Just last week, U.N. Secretary-General Kofi Annan warned that Darfur is creeping ever closer to catastrophe, with rape and violence on the rise and humanitarian access at its lowest level since 2004.
The concerts will take place October 21. Artists include TV on the Radio in Philadelphia, Alice in Chains in Winston-Salem, North Carolina, Ziggy Marley in Medford, Oregon, Citizen Cope in Seattle, Gov’t Mule in Spokane, Washington, and Insane Clown Posse in St. Petersburg, Florida.
Other concerts will take place in Sacramento, San Diego and San Francisco, California; Melbourne, Florida; Atlanta; Louisville, Kentucky; St. Paul, Minnesota; Reno, Nevada; Baltimore; Asheville, North Carolina; Charleston, South Carolina; Milwaukee; and Washington, D.C.
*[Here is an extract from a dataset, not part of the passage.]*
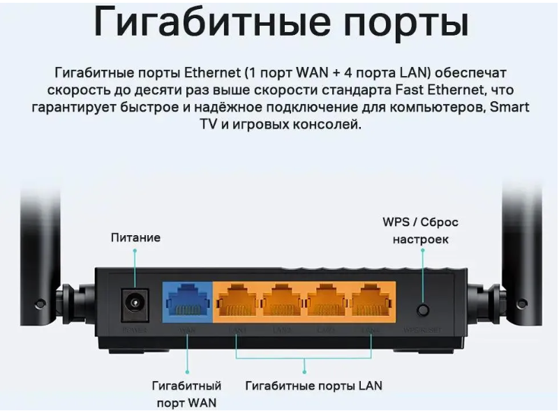 Archer C64 оснащен 4 портами LAN и 1 WAN-портом, что позволяет подключать проводные устройства с высокой скоростью. Гигабитные порты обеспечивают стабильное и надежное соединение для ПК, игровых приставок и смарт-телевизоров, где важна минимальная задержка и высокая пропускная способность. - Универсальность подключения:

A Canadian show will take place in Toronto.
Bands – pop, rock, country and reggae, among others – agreed to donate part of their ticket proceeds to Oxfam’s relief efforts in Sudan and neighboring Chad.
The campaign also includes a public service announcement featuring Samuel L. Jackson. Besides MySpace, it will appear on television and in movie theaters before films released by 20th Century Fox, which like MySpace is owned by News Corp.